Joseph, again, dreams. This is the last one recorded and, in Matthew’s account, the last we hear of Joseph. It’s thought that he died while Jesus was still young, slipping out of the story and leaving an unknown but surely significant mark upon the boy who would grow up to become the man who would turn things upside down.
I wonder if this dream, at its outset, frightened Joseph. The Messenger’s words begin exactly as they did in the warning that sent this little family on its late night run to the south: get up, take the child and his mother. Time had passed. The three of them probably lived an anonymous life in a quiet Egyptian suburb. They told none of their neighbors about who their child was or who had come to visit him. Joseph may even have begun to let his guard down, believe that the child was safe from Herod’s reach.
But with that beginning, I imagine Joseph’s heart began to race. Oh no, he might have thought, they’ve found us. At that moment, Herod’s hand-picked hunters were already at the outskirts of their little town. They’d have to run, again. They would, again, have to leave everything—the business Joseph had just begun to turn a profit on, the friends they’d made, this little place they’d come to call home. Where would they go now? Would they be running forever?
The next word was different, though. Before, the Messenger had told him to flee, to escape. This time the Messenger said to go, to take a trip. The urgency was gone. No one was after them this time. Herod, at least the Herod who had been willing to kill a child, was dead.
This message must have let Joseph and Mary breathe a sigh of relief, one they may not have realized they’d been holding. The danger had passed.
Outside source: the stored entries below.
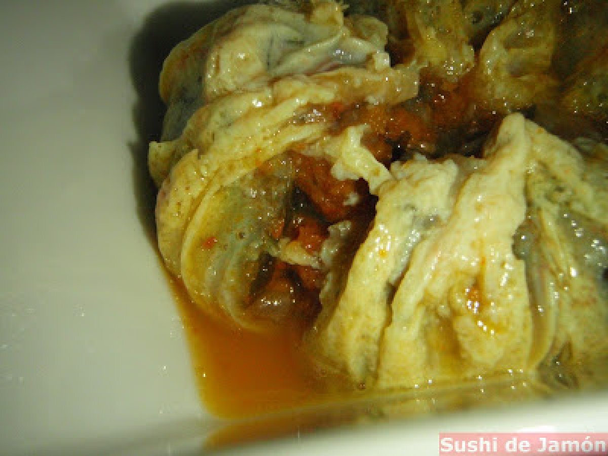 - Batimos las yemas y las mezclamos con el caviar de erizo, la cebolla, el alga y una pizca de sal. En papel film, untado con un poco de aceite, repartimos la mezcla y hacemos "bolsitas", que atamos bien. Lo escaldamos en agua hirviendo un minuto y medio y retiramos. Quitamos el plástico con mucho cuidad y revimos en un recipiente pequeño.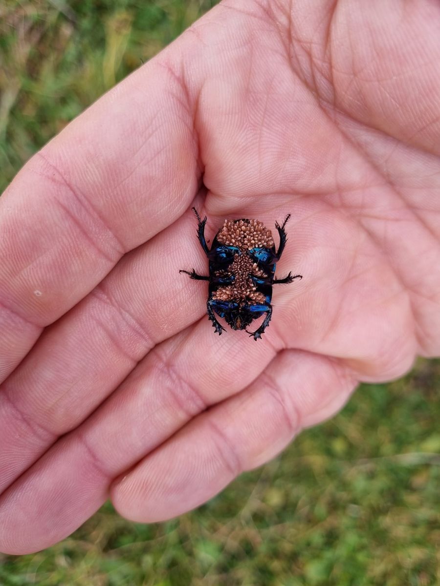 Ein mistkäfer auf einer weide, schon ziemlich langsam unterwegs. Hab mir gedacht es ist wegen der kälte...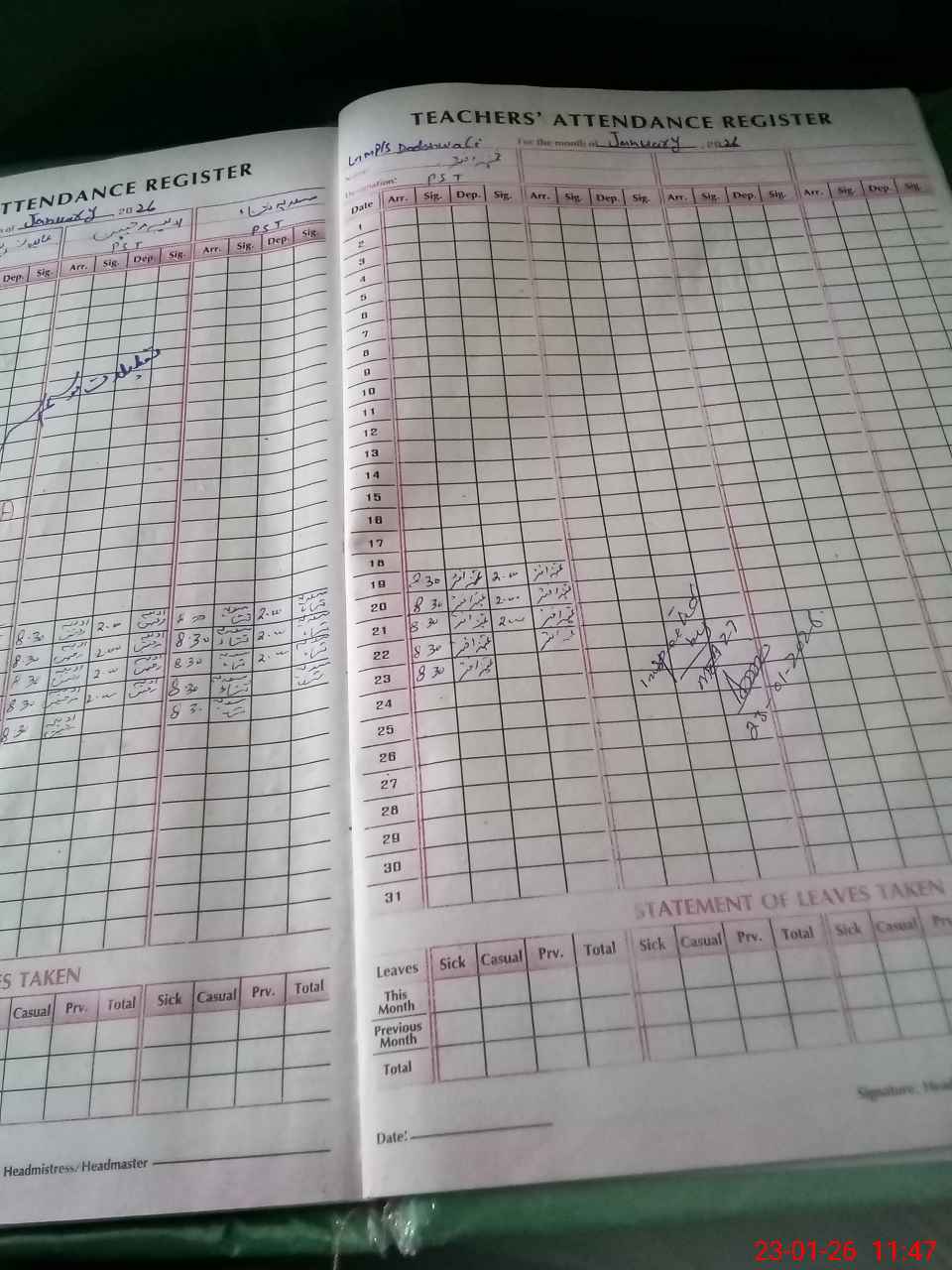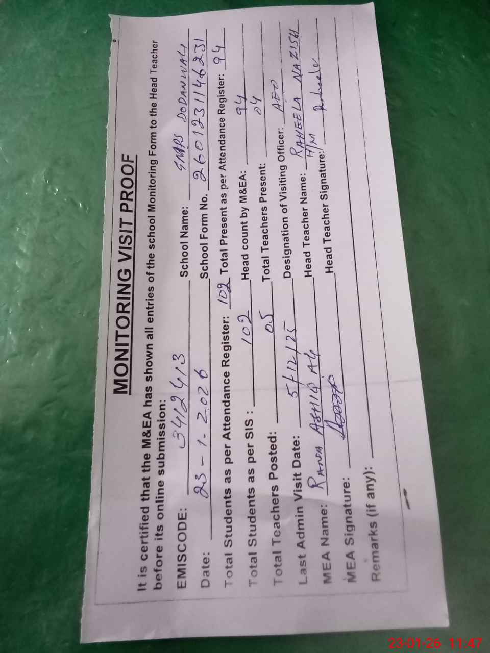 | Attendance Register | Head Teacher | MEA with School | Visit Proof |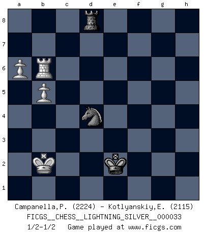 Last move : 1/2-1/2 2010 September 19 22:28:25 [Event "FICGS__CHESS__LIGHTNING_SILVER__000033"] [Site "FICGS"] [Date "2010.09.19"] [Round "1"] [White "Campanella,Paul"] [Black "Kotlyanskiy,Edward"] [Result "1/2-1/2"] [WhiteElo "2224"] [BlackElo "2115"] 1.e4 c5 2.Nf3 d6 3.d4 cxd4 4.Nxd4 Nf6 5.Nc3 a6 6.Be3 e5 7.Nb3 Be6 8.f3 Be7 9.Qd2 O-O 10.O-O-O Qc7 11.Kb1 Nbd7 12.Qf2 b5 13.g4 Rfc8 14.g5 Nh5 15.h4 b4 16.Nd5 Bxd5 17.Rxd5 a5 18.Bh3 a4 19.Nc1 Rcb8 20.Bg4 g6 21.Bxh5 gxh5 22.Nd3 Qb7 23.Rc1 f5 24.Qg2 b3 25.cxb3 axb3 26.a3 Rc8 27.Qe2 fxe4 28.fxe4 Qa6 29.Qxh5 Rc2 30.g6 Nf6 31.Qf5 Kh8 32.Rg1 Qc8 33.Qxc8+ Raxc8 34.Rb5 Nxe4 35.Rxb3 h5 36.a4 Kg7 37.Rb7 R2c7 38.Rc1 Rxb7 39.Rxc8 Nf6 40.a5 Nd5 41.a6 Rc7 42.Rb8 Nxe3 43.Rb7 Rc8 44.Rxe7+ Kxg6 45.Re6+ Kf5 46.Rxd6 e4 47.Nb4 Ng2 48.Rd5+ Kf4 49.Rg5 Nxh4 50.Rxh5 Nf3 51.Nd5+ Kg3 52.b4 Nd4 53.Rh7 Ra8 54.Rh6 Rd8 55.Rb6 Kf3 56.Kb2 e3 57.Nc3 e2 58.Nxe2 Kxe2 59.b5 1/2-1/2 Sicilian : Najdorf, Byrne (English) attack Kingside Castling by player Black (move 9) Queenside Castling by player White (move 10) 10 pieces endgame at move 49 : White KRNPP , Black KRNPP WHITE : King + 1 Rook 1 Knight 2 Pawns BLACK : King + 1 Rook 1 Knight 2 Pawns 9 pieces endgame at move 50 : White KRNPP , Black KRNP WHITE : King + 1 Rook 1 Knight 2 Pawns BLACK : King + 1 Rook 1 Knight 1 Pawn 8 pieces endgame at move 58 : White KRNPP , Black KRN WHITE : King + 1 Rook 1 Knight 2 Pawns BLACK : King + 1 Rook 1 Knight 7 pieces endgame at move 58 : White KRPP , Black KRN WHITE : King + 1 Rook 2 Pawns BLACK : King + 1 Rook 1 Knight This chess game ended in a draw. Follow this game move after move (download)When you absolutely don't know what to do anymore, it is time to panic. (John van der Wiel) Mutter, ich bin eben Ex-Weltmeister geworden. --beim nach Hause Kommen nach dem Verlust des WM-Titels an Mihail Botvinnik -- (Mikhail Nekhemyevich Tal) Cuando estes solo, cuando te sientas un extraño en el mundo, juega al Ajedrez. Esto levantará tu espiritu y será tu consejero de guerra. (Aristóteles) Il (Jacob Murray) ne joue pas pour le bon coup, mais pour le meilleur. (Eloi Relange) Man is reluctant to give credit for intelligence to anyone, except his enemies. (Albert Einstein)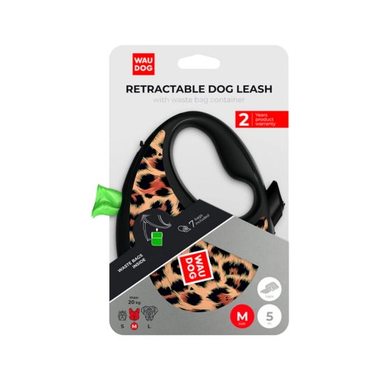 Рулетка-повідець для собак WAUDOG R-leash з контейнером для пакетів, малюнок Леопард, світловідбивна стрічка, M, до 20 кг, 5 м (256-4066)
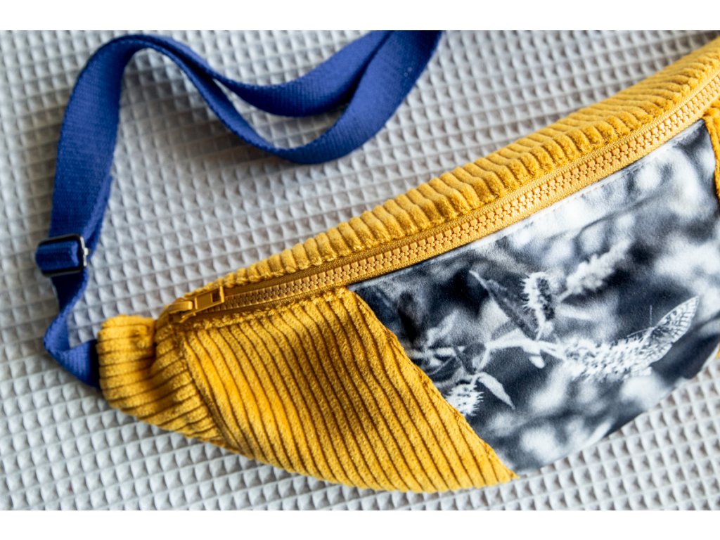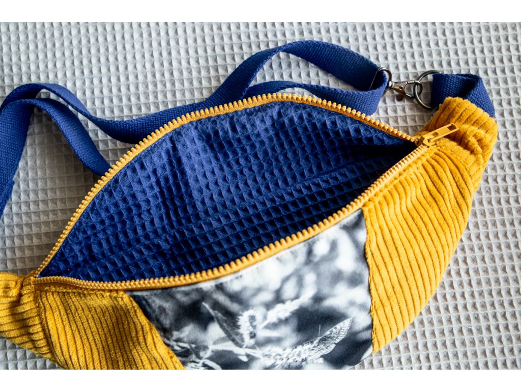 Ledvinka má jednu základní kapsu zavíratelnou na zip. Je ušita z vnější strany z manšestru a plyšové látky s potiskem autorské fotografie a uvnitř se skrývá bavlněná látka s vaflovou vazbou. Bavlněný popruh o šířce 3cm je nastavitelný a doplněný o kovové prvky s karabinou.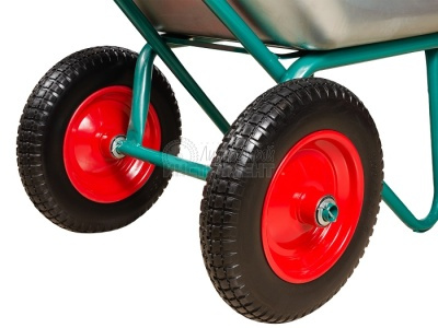 Стальной кузов толщиной 0,7 мм и объемом 110 л для сыпучих грузов имеет цинковое покрытие, обеспечивающее защиту тачки от внешних воздействий.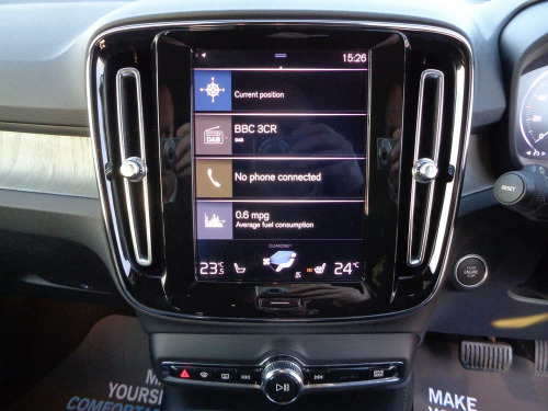 A 2 Owner XC40 with Full Volvo History from new (See Pictures), Specification includes Satellite Navigation, Reverse Parking Camera, LED Interchangeable Dash, Front & Rear Parking Sensors, DAB Radio, Bluetooth Phone, Bluetooth Audio, Leather Seats, Heated Seats, Heated Screen, Electric Memory Seats, Electric Power Fold Mirrors, Electric Windows, Electric Tailgate, Front & Rear Armrest, Cruise Control, Digital Climate Control, Multifunction Steering Wheel, Alloy Wheels…………………. See Below For Further Specification................. The additional specification details below are provided by Autotrader not by Free Spirit. They are a general guide for the most recent model of this vehicle but may not be precisely correct for this actual vehicle so please don’t rely on them. We will happily assist you in carefully checking that this vehicle’s specification is in line with your requirements.Free Spirit Automotive have been trading since 2004. We fund cars with BMW Alphera Finance & have access to multiple lenders offering different lending criteria to accommodate all customer credit scores. All vehicles are fully Health Checked in our purpose-built workshop prior to delivery & are Serviced & MOT’d as required. Every vehicle comes with a Warranty as standard. We stock between 70-100 cars and have more vehicles stocked than advertised. Part Exchange welcome. We have sold & delivered over 10,000 cars since we opened in 2004.. 12V Socket - Front Tunnel Console and Cargo Compartment, 9in Centre Console Portrait Touch Screen, Bluetooth Handsfree System, DAB - Digital Audio Broadcasting Radio, P-SIM Card - Access to 1 Year - 100GB of Data, Roof Antenna, Sensus Connect with High Performance Sound, Sensus Navigation, Volvo On Call with App, 12.3in Active TFT Crystal Drivers Information Display, Cruise Control, Drive Mode Settings, Front Park Assist, Rear Park Assist, Road Sign Information Display, Slippery Road and Hazard Light Alert, Tyre Pressure Monitoring System, Voice Activated Control for Key Functions, 19in Alloy Wheels - 5 Double Spoke - Diamond Cut - Black, Chrome Window Trim, Colour Co-Ordinated Autofolding Heated Power Door Mirrors, Dual Integrated Exhaust Pipes, Embossed Rear Side Roof Pillar, Front and Rear Power Windows, Heated Windscreen, Heated Windscreen Washer Nozzles, High Gloss Black Front Grille with Chrome Inserts, High Gloss Black Sensus Surround Deco, Locking Wheel Nuts, Roof Rails - Integrated Silver, Roof Spoiler, Tyre Sealant Kit and Compressor, Automatic Headlight Levelling System, Automatic LED Headlights with Active High Beam incorporating Day Running Lights, Front LED Fog Lights with Cornering Function, Headlight Cleaning System, Headlights - Active Bending, Home Safe and Approach Lighting, 2-Zone Electronic Climate Control with Cooled Glovebox and Rear Air Vents, 3 Spoke Leather Steering Wheel with Chrome Trim, Ambient Door and Instrument Panel Lighting, A-Pillar Parking Ticket Holder, Auto Dimming Rear View Mirror, Bright Metal Luggage Compartment Threshold, Centre Console Cupholders and Storage, Drift Wood Inlays, Drivers Side Lower Dashboard Credit Card Storage Compartment, Front Door Pocket and Front Cupholder Illumination, Front Footwell Lighting, Front Reading Lights - Theatre Lighting and Glovebox Illumination, Front Seat Cushion Extensions, Front Tunnel Net Pocket and Integrated Waste Bin, Glovebox Bag Hook, Heated Front Seats, Height Adjustable Passenger Seat with Multi-Directional Lumbar Support, Height and Reach Adjustable Steering Column, Height and Tilt Adjustable Driver Seat with Multi-Directional Lumbar Support, High Gloss Centre Tunnel Deco, Illuminated Vanity Mirrors with Ticket Holder, Inscription Front Door Tread Plates, Interior Trim - Driftwood, Keyless Start, Load Protection Net, Lockable Glovebox, Luggage Compartment Illumination, Luxury Floor Mats, Multicolour Theatre Lighting, Orrefors Crystal Gear Lever Knob, Power Driver Seat with Memory for Seat and Exterior Mirrors, Power Operated Tailgate, Power Passenger Seat, Rain Sensor - Automatic Windscreen Wiper Activation, Rear Armrest with Storage and Cupholders, Rear Clothes Hook, Rear Reading and Courtesy Lights, Steering Wheel Remote Infotainment Controls, Tailgate Illumination, Underfloor Cargo Storage, Versatile Split Folding Rear Seats - 60-40, Winter Pack, Adjustable Steering Force, Dynamic Chassis, Speed Limiter, Speed Sensitive Steering, Adaptive Brake Lights including High Level LED Brake Light, Anti-Theft Alarm including Immobiliser - Volume Sensor and Level Sensor, City Safety, Driver Knee Airbag, Dual Stage Driver and Passenger Airbags, First Aid Kit, Hill Descent Control, Hill Start Assist, IC - Inflatable Curtains - Full Length, ISOFIX Attachment - Outer Rear Seats, Key Integrated Remote Control Central Locking including Fuel Flap with Deadlocking System and Auto Open-Close Power Windows, Lane Keeping Aid with Driver Alert Control, Leather Coloured Key Integrated Remote, Matt Silver Front and Rear Skid Plate, Mechanical Child Locks - Rear Doors, Oncoming Lane Mitigation, Passenger Airbag Cut-Off Switch, Power Parking Brake with Auto Hold Function, Private Locking for Tailgate, Run-Off Road Mitigation, Run-Off Road Protection, Seatbelt Reminder and Pretensioners, SIPS - Side Impact Protection System, SIPS Airbags - Front Seats, Stability and Traction Control, Vehicle Deceleration Control, Visible VIN Plate, Warning Triangle, WHIPS - Whipl.

But with it, I imagine, came sadness. They were leaving. They would have time to tie up their affairs, perhaps find someone to buy Joseph’s business and sell the house for a decent price, but they would have to leave, start over. And even though they were going to their own country, they’d be strangers again.
Disasters and heartache are not the only things to propel us into the new and unfamiliar. Sometimes, it’s good news that sends us on a new and unexpected journey—either physical, spiritual, or emotional. But we are still encountering change, having things uprooted for planting elsewhere. This is what happens in this Time Being.
But, for what it’s worth, we’re reminded that we do not go alone. Even before he began his wandering, itinerant ministry, Jesus was on the road. He knew and knows what it is to leave behind friends, familiarity.
And he goes with us, wherever the Way may take us.
Jesus our companion, be with us in all the places this life takes us.